Merup M, Moreno T C, Heyman M, Rönnberg K, Grandér D, Detlofsson R, Rasool O, Liu Y, Söderhäll S, Juliusson G, Gahrton G, Einhorn S
Radiumhemmet and the Childhood Cancer Research Unit, Department of Pediatrics, Karolinska Hospital, Stockholm, Sweden.
Blood. 1998 May 1;91(9):3397-400.
Deletions on the long arm of chromosome 6 are frequently found in acute lymphoblastic leukemia (ALL) and non-Hodgkin's lymphomas (NHL). We have used polymerase chain reaction analysis to study loss of heterozygosity of 16 microsatellite markers on chromosome 6 in 74 ALL and 54 NHL patients. Our results show that deletions of 6q in ALL are more frequent than what has been reported in previous studies, occurring in at least 32% of the patients. The corresponding figure for NHL patients is 7%. Our results define a region of minimal deletion in ALL of less than 500 kb between markers D6S1709 and D6S434. The common region of deletion in NHL is located telomeric of this region. Thus, two different tumor suppressor genes on chromosome 6q seem to be relevant for the development of lymphoid malignancies.

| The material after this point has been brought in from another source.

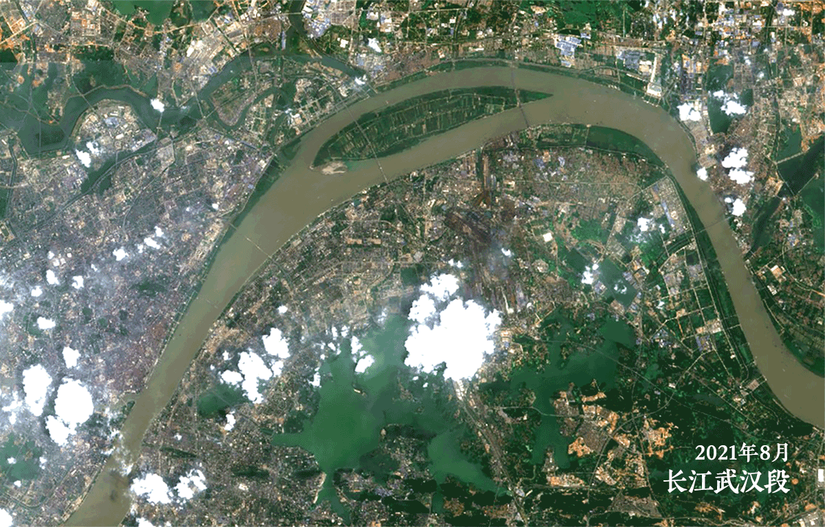 2021年8月和2022年8月拍摄的长江武汉段卫星影像对比。

6号染色体长臂缺失在急性淋巴细胞白血病(ALL)和非霍奇金淋巴瘤(NHL)中经常被发现。我们使用聚合酶链反应分析研究了74例ALL患者和54例NHL患者6号染色体上16个微卫星标记的杂合性缺失。我们的结果显示,ALL中6q缺失比先前研究报道的更为频繁,至少在32%的患者中出现。NHL患者的相应数字为7%。我们的结果确定了ALL中最小缺失区域,位于标记D6S1709和D6S434之间小于500 kb处。NHL中常见的缺失区域位于该区域的端粒。因此,6号染色体q臂上的两个不同肿瘤抑制基因似乎与淋巴恶性肿瘤的发生有关。